## Brief:
Would you repeat the data below exactly, taking out the images?

## Information supplied:
_ _ _

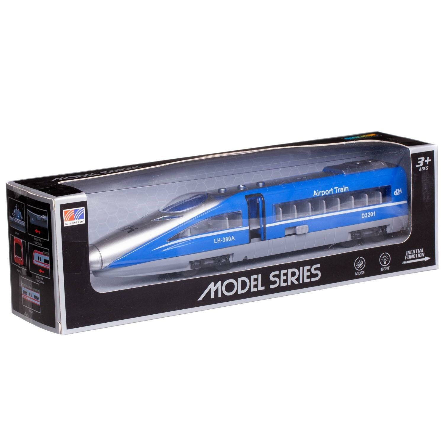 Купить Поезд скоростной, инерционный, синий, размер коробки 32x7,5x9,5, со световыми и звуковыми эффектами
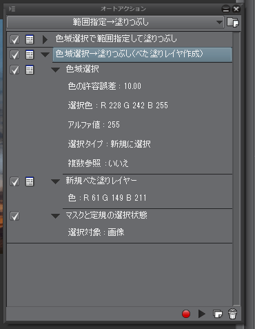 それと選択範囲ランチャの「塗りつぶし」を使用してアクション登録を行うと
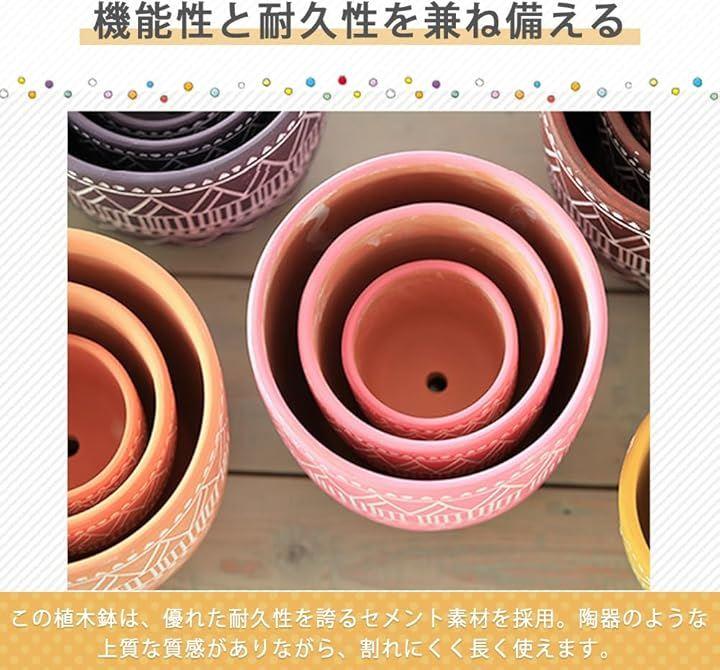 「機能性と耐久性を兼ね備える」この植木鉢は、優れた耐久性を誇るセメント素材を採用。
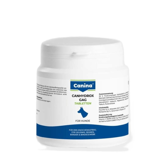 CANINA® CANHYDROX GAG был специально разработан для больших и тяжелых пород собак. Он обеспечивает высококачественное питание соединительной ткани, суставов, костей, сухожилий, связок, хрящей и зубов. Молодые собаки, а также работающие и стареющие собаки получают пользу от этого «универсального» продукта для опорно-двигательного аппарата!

_ _ _

## Answer space:
 Купить Поезд скоростной, инерционный, синий, размер коробки 32x7,5x9,5, со световыми и звуковыми эффектами
 それと選択範囲ランチャの「塗りつぶし」を使用してアクション登録を行うと
 「機能性と耐久性を兼ね備える」この植木鉢は、優れた耐久性を誇るセメント素材を採用。
 CANINA® CANHYDROX GAG был специально разработан для больших и тяжелых пород собак. Он обеспечивает высококачественное питание соединительной ткани, суставов, костей, сухожилий, связок, хрящей и зубов. Молодые собаки, а также работающие и стареющие собаки получают пользу от этого «универсального» продукта для опорно-двигательного аппарата!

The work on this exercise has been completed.